* _Entries supplied_:
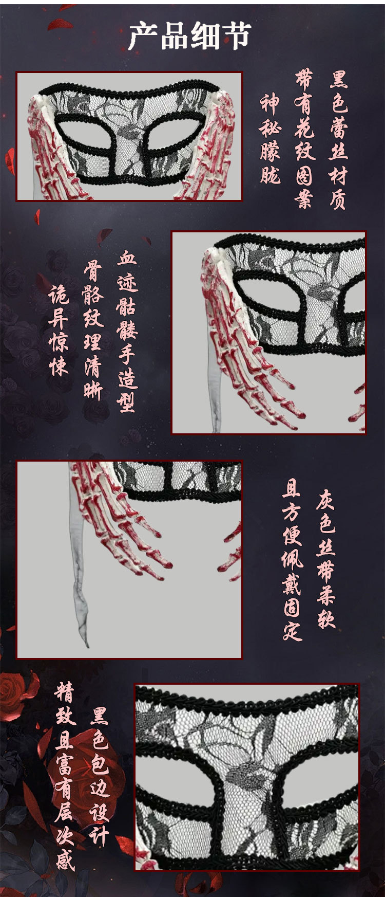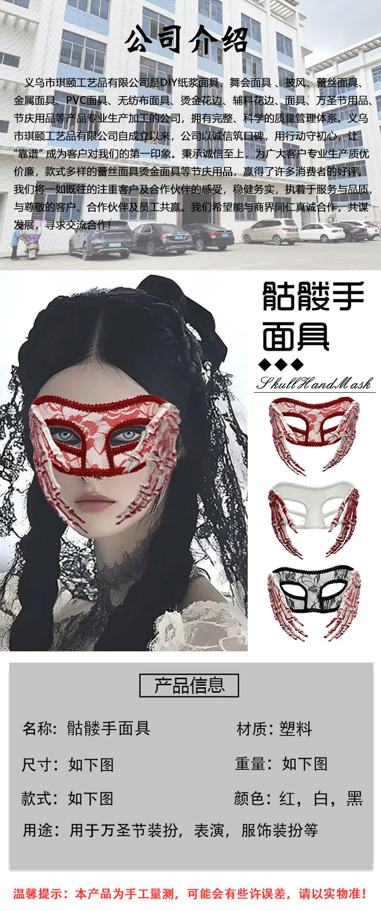 Amazon nuevo esqueleto mano máscara de encaje cabeza plana máscara translúcida Halloween accesorios de fiesta
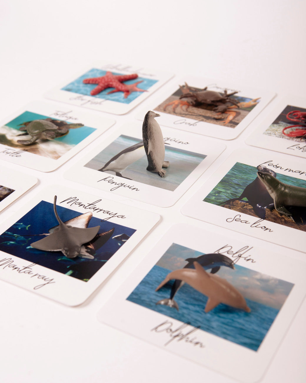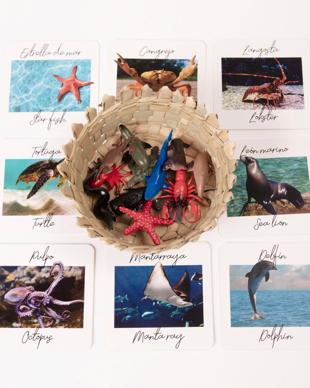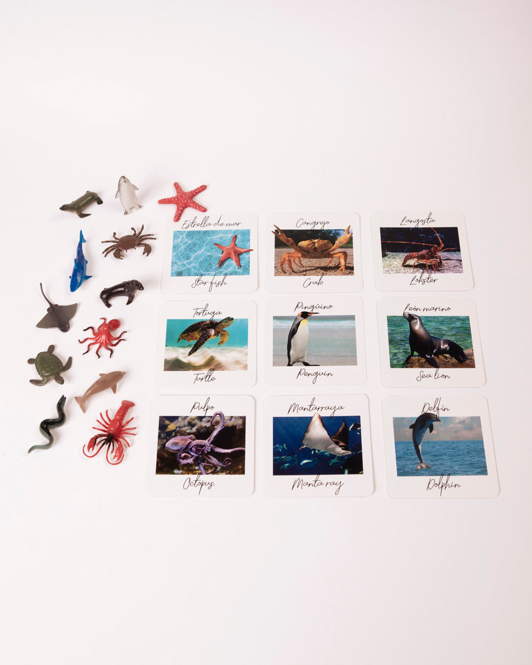 12 Piezas de animales del Mar realistas con nombre en español e inglés.
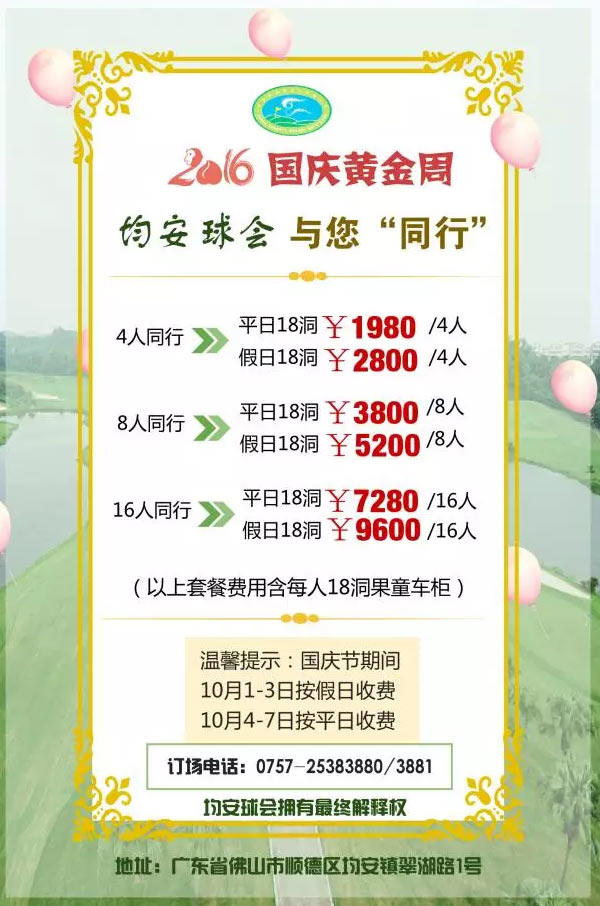 1980元/4人 佛山顺德均安高尔夫球会国庆优惠活动
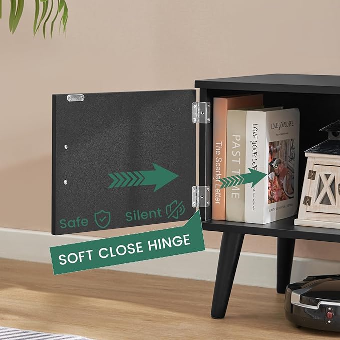 - ♻️【Durable TV Console Table】Skeptical about the sturdiness and stability of this mid century TV stand? Don't worry! Although legs of this table are tapered and slender, enough stable and sturdy as they are made of solid wood(weight capacity up to 150 pounds), While extra mid-leg further enhance the stability and weight-bearing capacity of the entertainment center, with 100% No Wobble. So you can use it for years to come.
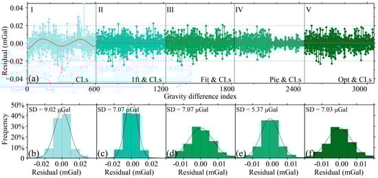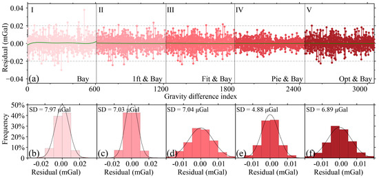 Figure 11 illustrates the segment residual distribution of the classical adjustment model. Raw residuals from the standalone CLS model (Figure 11a, panels I–V) exhibited significant systematic biases linked to nonlinear drifts, yielding a residual standard deviation of 9.02 μGal. Preprocessing with symmetric observation models reduced residuals to 5.37–7.07 μGal, showing spatially random distributions. The piecewise linear model achieved the lowest residual standard deviation (σ = 5.37 μGal), followed by the variance-sum optimal model (σ = 7.03 μGal). The Bayesian adjustment model (Figure 12) outperformed the classical method, achieving a standalone residual standard deviation of 7.97 μGal (12% reduction). Hybrid schemes further enhanced the performance: the piecewise linear-Bayesian combination yielded the lowest residuals (σ = 4.88 μGal), while the variance-sum optimal-Bayesian hybrid ranked second (σ = 6.89 μGal).
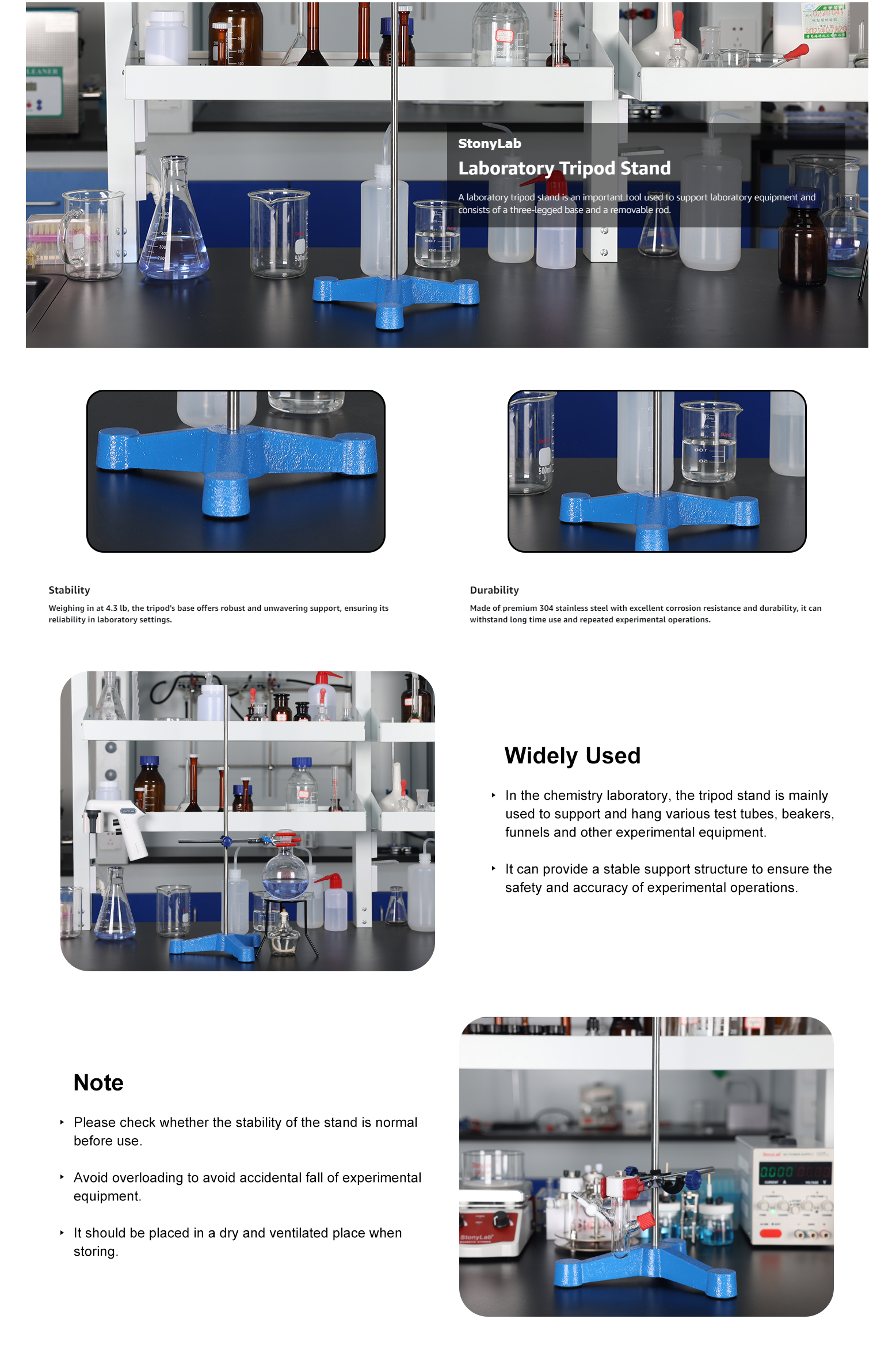 - Serves as a dependable fixture for supporting a range of instruments, commonly employed in experiments involving filtration and heating processes; suitable for a variety of industries and chemical reactions, filtrations, distillations, heating, and experiments in laboratories, factories, schools, hospitals, researches, and more
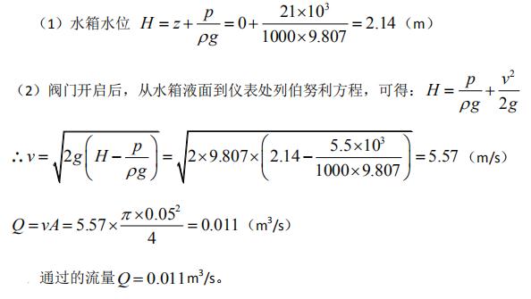 - 简答题水管直径50mm,末端阀门关闭时,压力表读值为21kN/m2。阀门打开后读值降至5.5kN/m2,如不计水头损失,求通过的流量。
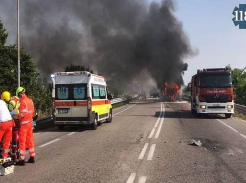 U saobraćajnoj nesreći, koja se jutros oko 9 sati i 30 minuta dogodila na dvadesetak kilometara od italijanskog ljetovališta Lido di Jesola, u potpunosti je izgorio autobus koji je prevozio grupu maturanata Ekonomske škole. Niko od 51 maturanta, koji su bili u autobusu, nije povrijeđen, a djeca su trenutno u Lido di Jesolu gdje su im lokalne vlasti pružile pomoć i privremeno ih smjestili u prihvatilište lokalnog Crvenog krsta, gdje čekaju da dobiju privremene putne isprave.
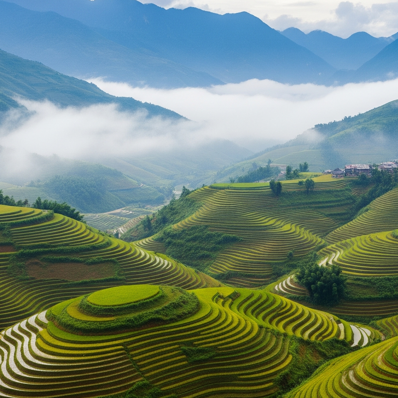 Travel from Mai Chau to Sapa, located about 373 km away. It’s a long journey (around 14-15 hours by bus), but absolutely worth it.

* _Assignment_:
Take the lines from the one holding "- 简答题水管直径50mm,末端阀门关闭" through the final line of the listing above and copy them exactly, both ends included, with no pictures.

* _Task response_:
 - 简答题水管直径50mm,末端阀门关闭时,压力表读值为21kN/m2。阀门打开后读值降至5.5kN/m2,如不计水头损失,求通过的流量。
 U saobraćajnoj nesreći, koja se jutros oko 9 sati i 30 minuta dogodila na dvadesetak kilometara od italijanskog ljetovališta Lido di Jesola, u potpunosti je izgorio autobus koji je prevozio grupu maturanata Ekonomske škole. Niko od 51 maturanta, koji su bili u autobusu, nije povrijeđen, a djeca su trenutno u Lido di Jesolu gdje su im lokalne vlasti pružile pomoć i privremeno ih smjestili u prihvatilište lokalnog Crvenog krsta, gdje čekaju da dobiju privremene putne isprave.
 Travel from Mai Chau to Sapa, located about 373 km away. It’s a long journey (around 14-15 hours by bus), but absolutely worth it.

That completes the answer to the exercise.